→ Action item
Among the entries below, only the lines from the one with "Kit C/ Água" through the one with "-. Title : Ogrmar" are wanted, reproduced exactly. Pictures are not wanted.

===== Task material

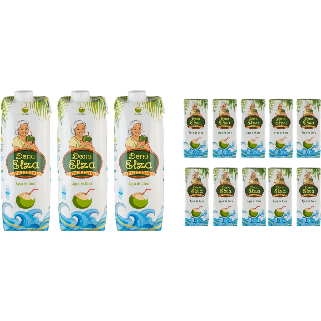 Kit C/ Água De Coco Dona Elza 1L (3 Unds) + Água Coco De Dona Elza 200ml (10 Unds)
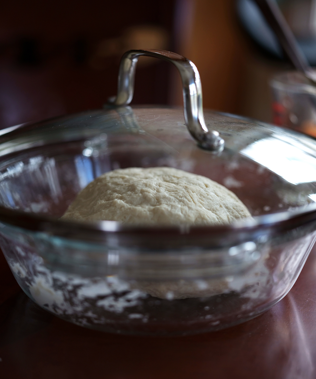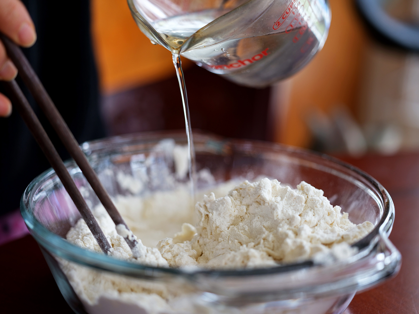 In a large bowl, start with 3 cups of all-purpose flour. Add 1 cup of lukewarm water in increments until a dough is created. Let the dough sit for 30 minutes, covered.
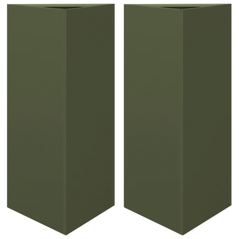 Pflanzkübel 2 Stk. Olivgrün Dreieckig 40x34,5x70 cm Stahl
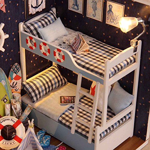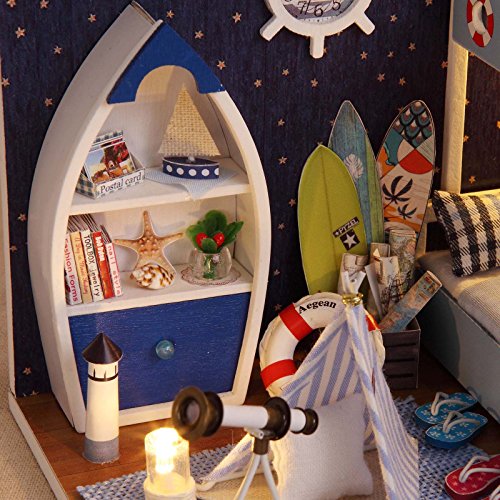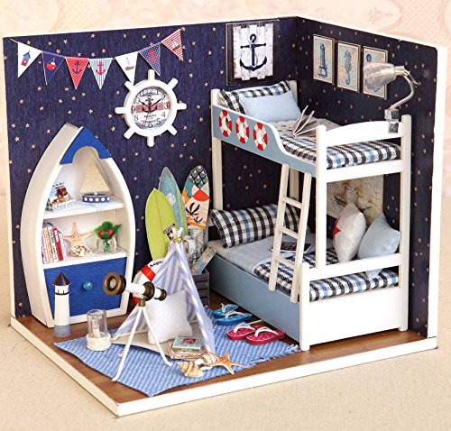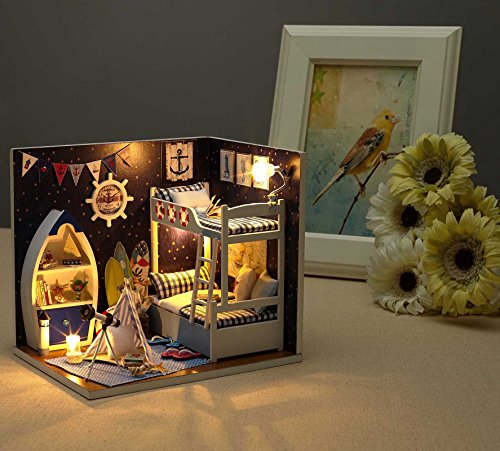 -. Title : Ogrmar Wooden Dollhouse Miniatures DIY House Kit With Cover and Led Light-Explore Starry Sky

==========
===== Task material

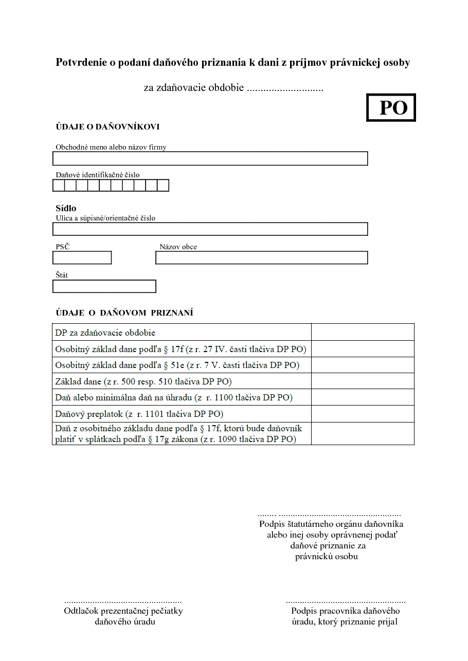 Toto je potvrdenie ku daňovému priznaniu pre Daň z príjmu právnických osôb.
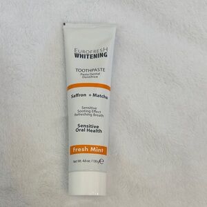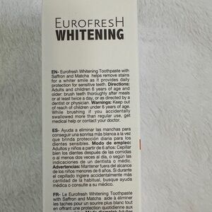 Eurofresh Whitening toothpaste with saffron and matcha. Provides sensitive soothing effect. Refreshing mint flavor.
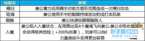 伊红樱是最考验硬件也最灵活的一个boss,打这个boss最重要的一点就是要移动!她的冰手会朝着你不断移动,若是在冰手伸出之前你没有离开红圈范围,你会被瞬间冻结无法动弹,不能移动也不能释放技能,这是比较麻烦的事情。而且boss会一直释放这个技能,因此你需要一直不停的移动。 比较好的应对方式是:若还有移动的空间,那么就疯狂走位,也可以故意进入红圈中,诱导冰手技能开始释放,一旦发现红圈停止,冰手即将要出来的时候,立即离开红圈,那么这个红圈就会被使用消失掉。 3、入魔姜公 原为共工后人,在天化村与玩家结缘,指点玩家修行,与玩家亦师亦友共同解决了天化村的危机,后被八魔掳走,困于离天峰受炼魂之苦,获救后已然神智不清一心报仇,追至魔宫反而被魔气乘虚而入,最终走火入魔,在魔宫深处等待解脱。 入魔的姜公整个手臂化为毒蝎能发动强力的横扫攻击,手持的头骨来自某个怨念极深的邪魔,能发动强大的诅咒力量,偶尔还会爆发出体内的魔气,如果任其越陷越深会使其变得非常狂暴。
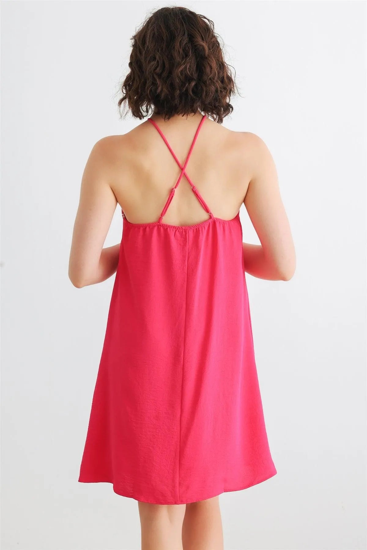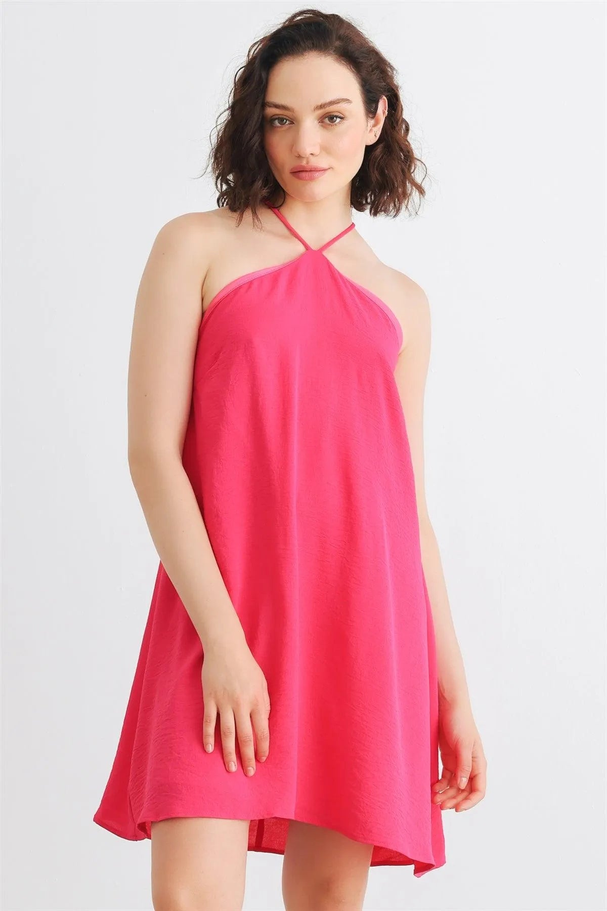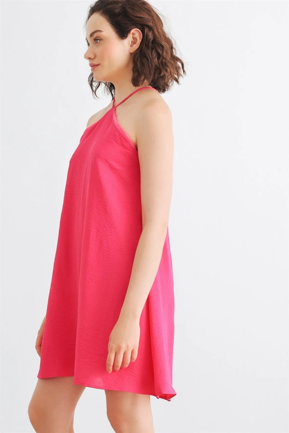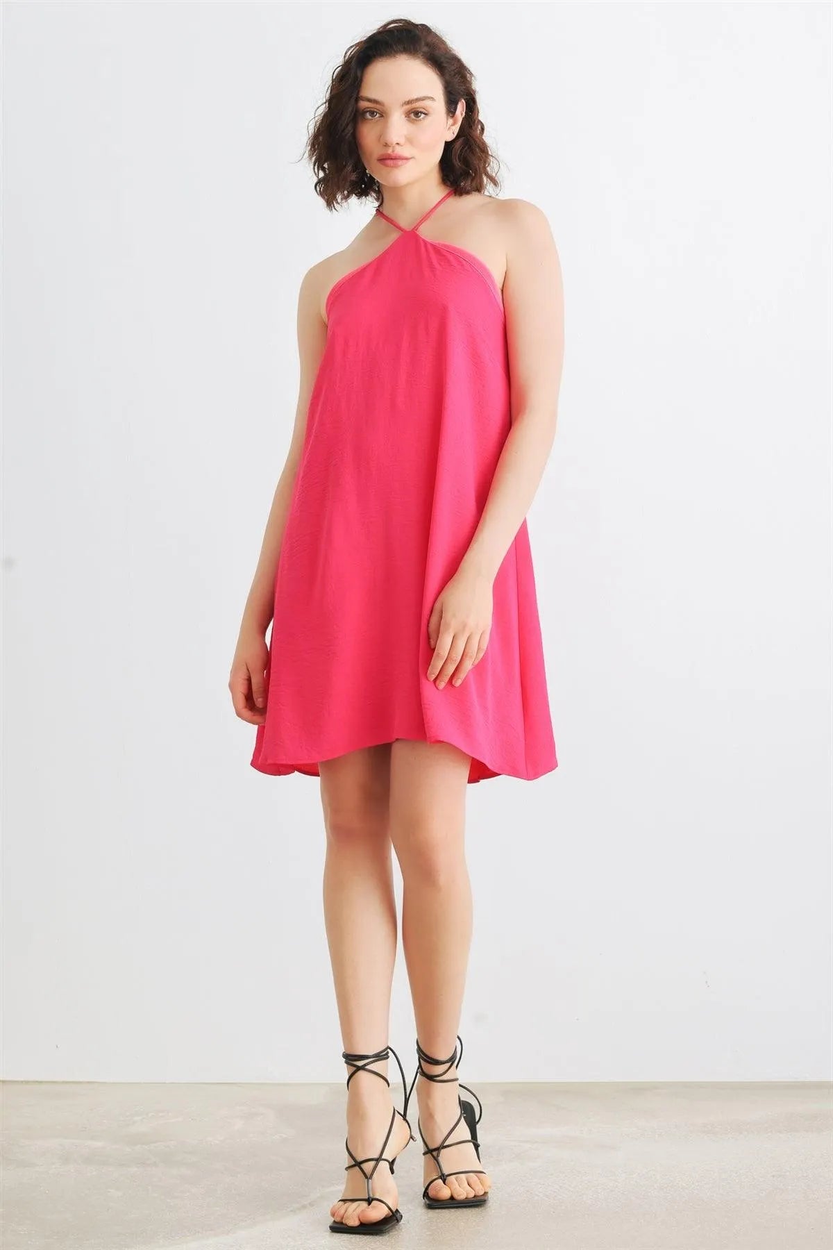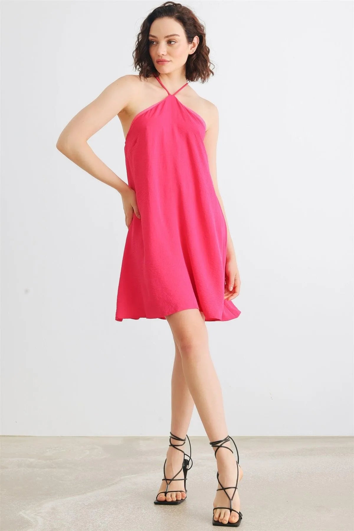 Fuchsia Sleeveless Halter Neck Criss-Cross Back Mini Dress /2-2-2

==========

→ Result of the exercise
 Kit C/ Água De Coco Dona Elza 1L (3 Unds) + Água Coco De Dona Elza 200ml (10 Unds)
 In a large bowl, start with 3 cups of all-purpose flour. Add 1 cup of lukewarm water in increments until a dough is created. Let the dough sit for 30 minutes, covered.
 Pflanzkübel 2 Stk. Olivgrün Dreieckig 40x34,5x70 cm Stahl
 -. Title : Ogrmar Wooden Dollhouse Miniatures DIY House Kit With Cover and Led Light-Explore Starry Sky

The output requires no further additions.